### Q1. What is data encoding? How is it useful in data science?

Data encoding is the process of converting data from one form to another to make it suitable for various computational processes. In data science, encoding is essential for several reasons:

1. **Handling Categorical Data**: Many machine learning algorithms require numerical input, so categorical data must be converted to numerical form. Techniques like one-hot encoding, label encoding, and binary encoding are commonly used.

2. **Improving Model Performance**: Proper encoding can help models better understand and utilize the underlying patterns in the data, potentially improving accuracy and performance.

3. **Data Compression**: Encoding can reduce the size of data, making storage and transmission more efficient.

4. **Feature Engineering**: Encoding can create new features from existing data, enriching the dataset and potentially enhancing model predictions.

### Q2. What is nominal encoding? Provide an example of how you would use it in a real-world scenario.

Nominal encoding, also known as label encoding, is a method for converting categorical variables into numerical values. Each unique category is assigned a distinct integer value. This is useful when the categorical variable represents different classes without any intrinsic order or ranking.

**Example**:

Imagine you have a dataset with a feature called `Color` with values like `Red`, `Blue`, and `Green`. You can apply nominal encoding to convert these categories into numerical values:

- `Red` → 0
- `Blue` → 1
- `Green` → 2

In a real-world scenario, let's say you’re working on a machine learning model to classify products based on their color. By applying nominal encoding to the `Color` feature, you transform it into numerical values that the model can use. This allows the model to incorporate color information into its predictions.

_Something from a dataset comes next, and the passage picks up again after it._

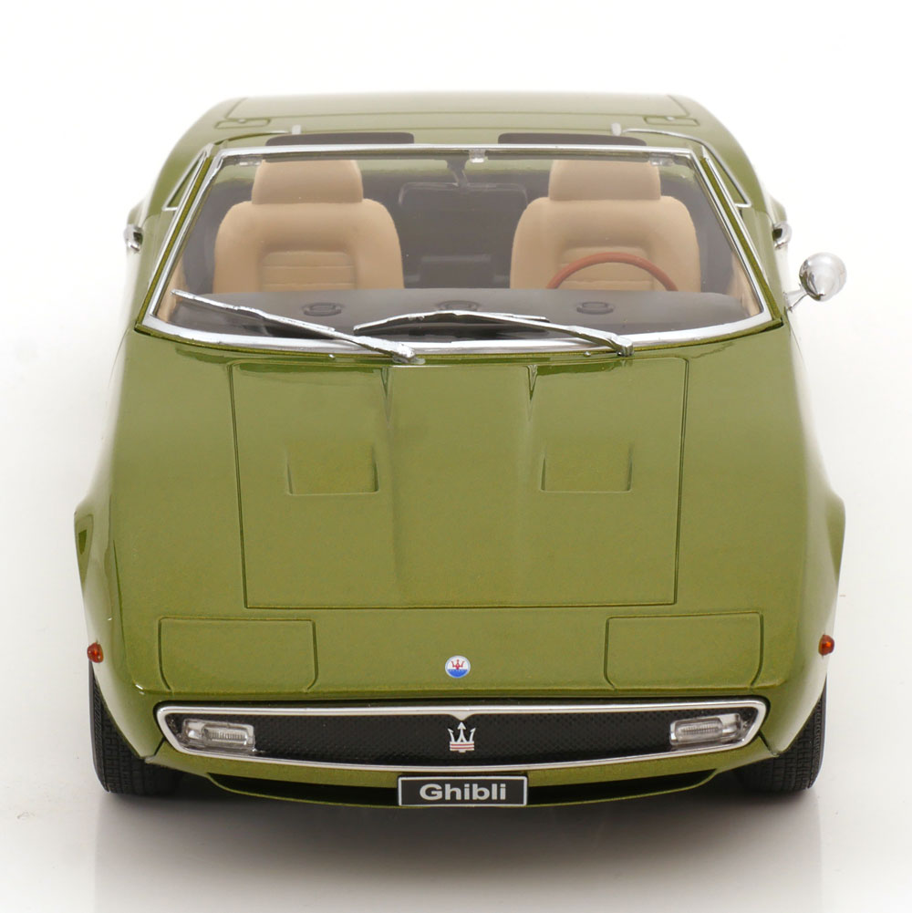 DIE CAST MODEL KK-SCALE MASERATI GHIBLI SPYDER LIGHT GREEN METALLIC WITH SPOKE RIMS 1970 SCALE 1/18

### Q3. In what situations is nominal encoding preferred over one-hot encoding? Provide a practical example.


Nominal encoding is preferred over one-hot encoding in situations where the categorical variable has a large number of unique categories or when memory efficiency is a concern. 

**Practical Example**:

Consider a dataset with a feature `Country` containing the names of hundreds of countries. Using one-hot encoding would result in a very large number of additional features (one for each country), which can significantly increase the dataset's dimensionality and computational complexity.

Instead, nominal encoding can be used to assign a unique integer to each country. For instance:

- `USA` → 0
- `Canada` → 1
- `Germany` → 2
- and so on...

This approach is more memory-efficient and can be easier to manage when dealing with many categories. However, it's important to be cautious as nominal encoding may imply an unintended ordinal relationship if not handled properly, so it should be used when the categorical variable is truly nominal (without any inherent order).

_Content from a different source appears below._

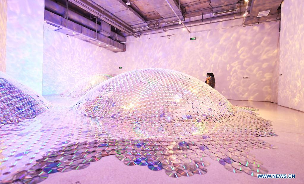 Visitors view an artwork during the contemporary art show "WAVELENGTH: AT THE MOMENT" at Beijing Times Art Museum in Beijing, capital of China, March 27, 2021. The contemporary art show "WAVELENGTH: AT THE MOMENT" kicked off on Saturday and will last until June 14, 2021, featuring artworks from 18 artists from China and abroad. (Xinhua/Ren Chao)

### Q4. Suppose you have a dataset containing categorical data with 5 unique values. Which encoding technique would you use to transform this data into a format suitable for machine learning algorithms? Explain why you made this choice.

For a dataset with categorical data containing 5 unique values, **one-hot encoding** is generally preferred. It avoids introducing any unintended ordinal relationships and ensures that each category is represented distinctly. This technique is effective for categorical variables without an inherent order.

### Q5. In a machine learning project, you have a dataset with 1000 rows and 5 columns. Two of the columns are categorical, and the remaining three columns are numerical. If you were to use nominal encoding to transform the categorical data, how many new columns would be created? Show your calculations.


To determine how many new columns would be created by nominal encoding, you need to count the unique categories in each categorical column. Let's assume:

- **Categorical Column 1** has 8 unique values.
- **Categorical Column 2** has 12 unique values.

Nominal encoding will convert each unique value in these columns to a separate column. Thus:

- For Categorical Column 1: 8 new columns.
- For Categorical Column 2: 12 new columns.

**Total new columns created** = 8 (from Column 1) + 12 (from Column 2) = **20 columns**.

### Q6. You are working with a dataset containing information about different types of animals, including their species, habitat, and diet. Which encoding technique would you use to transform the categorical data into a format suitable for machine learning algorithms? Justify your answer.


For a dataset with categorical information such as species, habitat, and diet, **one-hot encoding** is generally preferred. 

**Justification**:
- **Avoids Ordinal Assumptions**: One-hot encoding avoids implying any ordinal relationship between categories, which is suitable for categorical data where no inherent order exists.
- **Machine Learning Compatibility**: Most machine learning algorithms perform better with one-hot encoded data, as it provides a clear distinction between categories.

In this case, each category is treated as a separate binary feature, making it easier for the algorithm to learn patterns without misinterpreting categorical values.

### Q7.You are working on a project that involves predicting customer churn for a telecommunications company. You have a dataset with 5 features, including the customer's gender, age, contract type, monthly charges, and tenure. Which encoding technique(s) would you use to transform the categorical data into numerical data? Provide a step-by-step explanation of how you would implement the encoding.

For predicting customer churn, you would use **one-hot encoding** for the categorical features and **leave the numerical features as they are**. Here's a step-by-step explanation:

1. **Identify Categorical Features**:
   - **Gender** (e.g., Male, Female)
   - **Contract Type** (e.g., Month-to-Month, One Year, Two Year)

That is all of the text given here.